_Requirement_
When you transcribe the lines below, keep every word the same and leave the pictures behind.
== Segment start ==
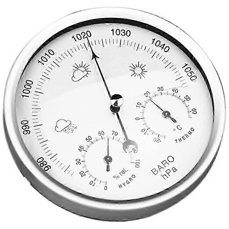 Description Put Anywhere you want, convenient mounting feature for every type of room like kitchen, basement, baby nursery room, guitar room and office. Lightweight and easy to install, suitable for hanging or placing on a surface With barometer, thermometer and hygrometer, 3 in 1 multifunction, economical and practical Standard measuring range, predict the weather more accurately size:13.2cm Material:Metal + plastic colour:Silver Package Contents: 1 * Thermometer Hygrometer Barometer( 3 IN 1 Weather Station Thermomete) Only the above package content, other products are not included. Note: Light shooting and different displays may cause the color of the item in the picture a little different from the real thing. The measurement allowed error is +/- 1-3cm.
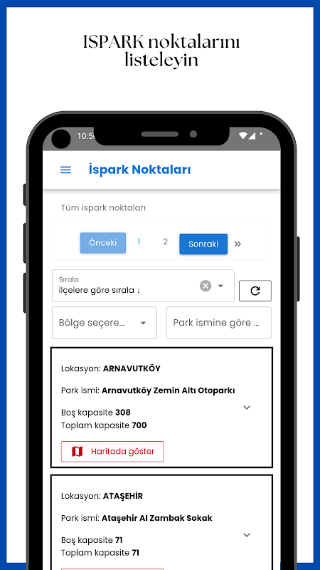 按地區查看 Isparking 點:根據您位於伊斯坦布爾不同地區的位置過濾 Isparking 點。輕鬆專注於您需要的區域。
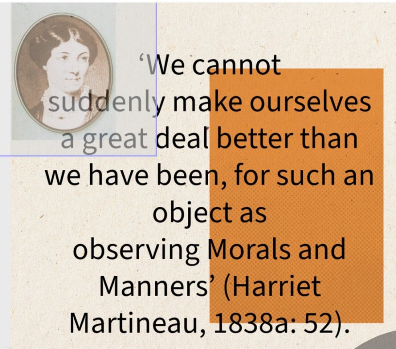 - First by emphasising the subject of the researcher. The scientist is not yet an institutionalised person but a free traveller who, as her list of required research skills later shows, can train herself to observe better. Martineau thus develops her argument from the perspective of the spontaneously observing traveller to the more skilled observer.
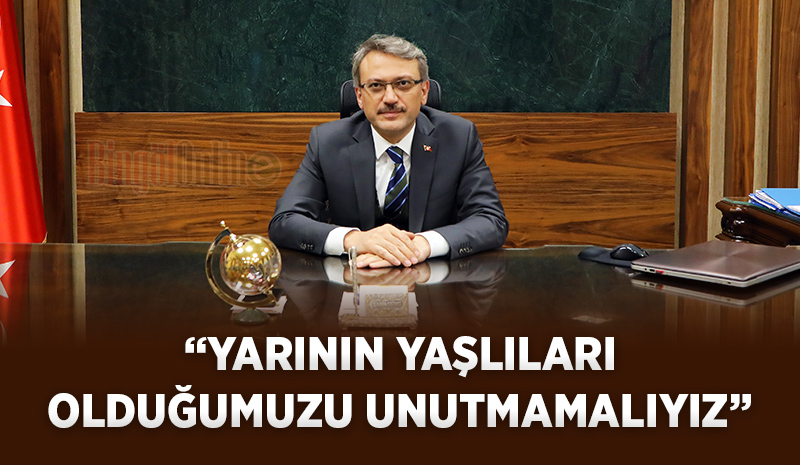 “1 Ekim tarihi, Birleşmiş Milletler tarafından dünyadaki yaşlı nüfusun giderek artması ve yaşlılara hak ettikleri değer ve saygının gösterilmesi maksadıyla, 1990 yılında ‘Dünya Yaşlılar Günü' olarak ilan edilmiştir. Her biri ulu birer çınar ve yolumuzu aydınlatan birer yıldız olan yaşlılarımız, geçmişte biriktirilen müktesebatı günümüze yansıtan ve kültürel zenginliğimizin gelecek kuşaklara ulaşmasına vesile olan değerlerimiz; aile ve toplumsal hayatımızın en kıymetli hazineleridir.
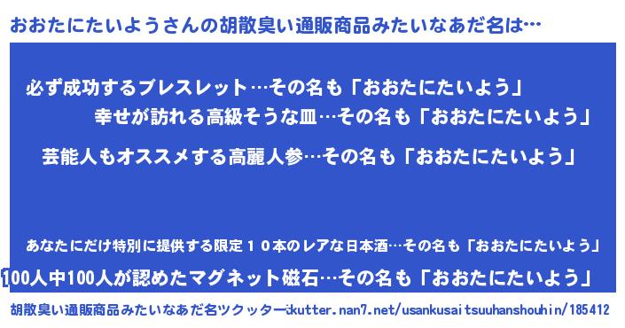 | 男性向けラノベタイトル風あだ名 | 『Re:おおたにたいようから始める異世界生活』 |
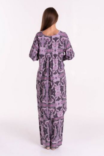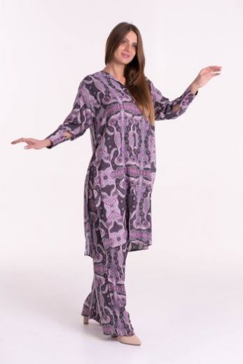 Комплект из удлиненной туники и брюк, выполнен из принтованной вискозы. Туника свободного силуэта. Полочка с застежкой планкой на пуговицах. Спинка оформлена фигурной кокеткой, с вытачками и встречной складкой. Горловина обработана обтачкой. Разрезы в боковых швах. Рукав рубашечный с манжетой на пуговице. Брюки с карманами, свободного силуэта. Пояс на эластичной ленте.
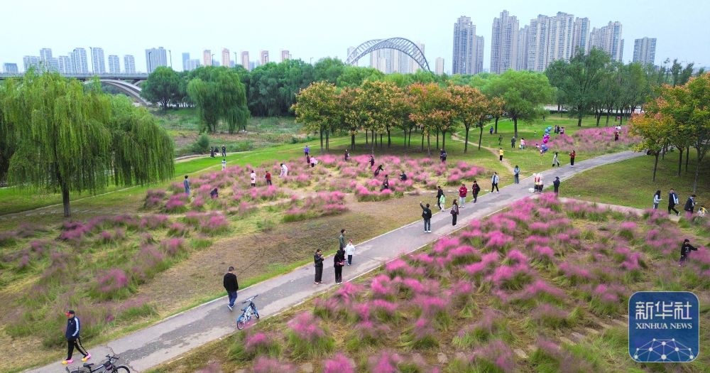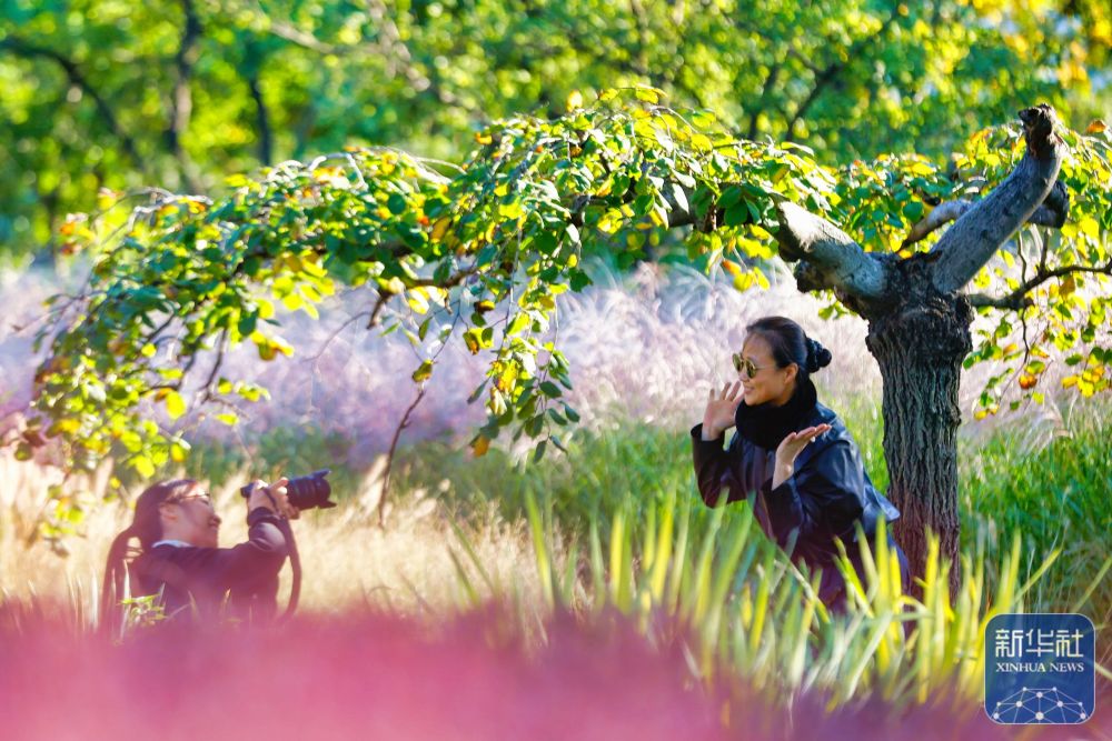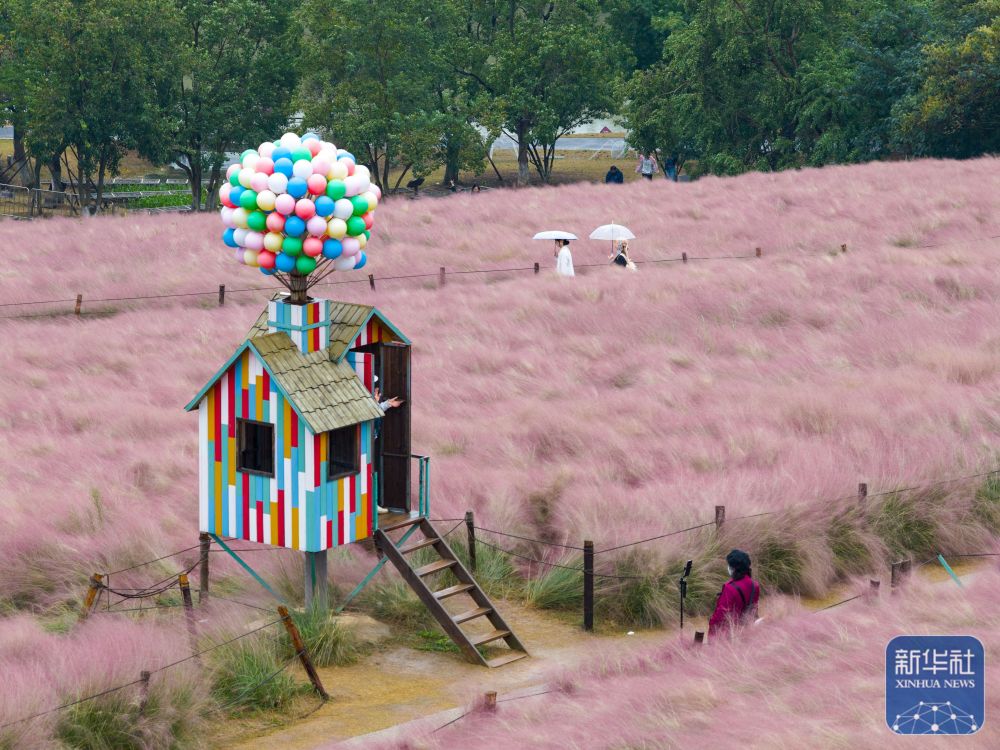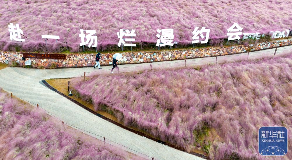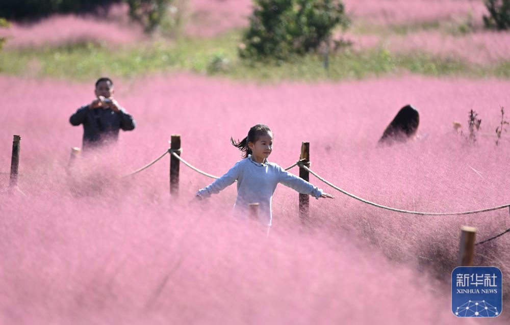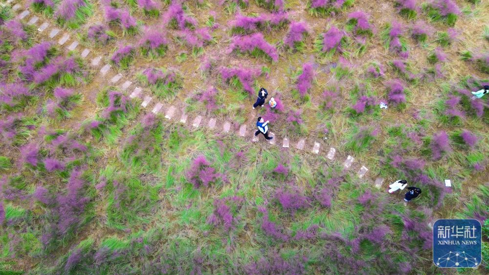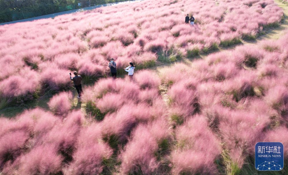 ↑ 10月19日,在山东省临沂市沂南县卧龙山公园,游客在粉黛乱子草中打卡拍照(无人机照片)。新华社发(王彦冰 摄)
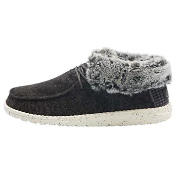 Check these out! They finally are here. These are the black high top shoes with the fur lining inside. They for sure will keep your feet warm on those cold/chilly nights. If you wear a half size, we suggest choosing the next up.Â
== Segment end ==
_Response box_
 Description Put Anywhere you want, convenient mounting feature for every type of room like kitchen, basement, baby nursery room, guitar room and office. Lightweight and easy to install, suitable for hanging or placing on a surface With barometer, thermometer and hygrometer, 3 in 1 multifunction, economical and practical Standard measuring range, predict the weather more accurately size:13.2cm Material:Metal + plastic colour:Silver Package Contents: 1 * Thermometer Hygrometer Barometer( 3 IN 1 Weather Station Thermomete) Only the above package content, other products are not included. Note: Light shooting and different displays may cause the color of the item in the picture a little different from the real thing. The measurement allowed error is +/- 1-3cm.
 按地區查看 Isparking 點:根據您位於伊斯坦布爾不同地區的位置過濾 Isparking 點。輕鬆專注於您需要的區域。
 - First by emphasising the subject of the researcher. The scientist is not yet an institutionalised person but a free traveller who, as her list of required research skills later shows, can train herself to observe better. Martineau thus develops her argument from the perspective of the spontaneously observing traveller to the more skilled observer.
 “1 Ekim tarihi, Birleşmiş Milletler tarafından dünyadaki yaşlı nüfusun giderek artması ve yaşlılara hak ettikleri değer ve saygının gösterilmesi maksadıyla, 1990 yılında ‘Dünya Yaşlılar Günü' olarak ilan edilmiştir. Her biri ulu birer çınar ve yolumuzu aydınlatan birer yıldız olan yaşlılarımız, geçmişte biriktirilen müktesebatı günümüze yansıtan ve kültürel zenginliğimizin gelecek kuşaklara ulaşmasına vesile olan değerlerimiz; aile ve toplumsal hayatımızın en kıymetli hazineleridir.
 | 男性向けラノベタイトル風あだ名 | 『Re:おおたにたいようから始める異世界生活』 |
 Комплект из удлиненной туники и брюк, выполнен из принтованной вискозы. Туника свободного силуэта. Полочка с застежкой планкой на пуговицах. Спинка оформлена фигурной кокеткой, с вытачками и встречной складкой. Горловина обработана обтачкой. Разрезы в боковых швах. Рукав рубашечный с манжетой на пуговице. Брюки с карманами, свободного силуэта. Пояс на эластичной ленте.
 ↑ 10月19日,在山东省临沂市沂南县卧龙山公园,游客在粉黛乱子草中打卡拍照(无人机照片)。新华社发(王彦冰 摄)
 Check these out! They finally are here. These are the black high top shoes with the fur lining inside. They for sure will keep your feet warm on those cold/chilly nights. If you wear a half size, we suggest choosing the next up.Â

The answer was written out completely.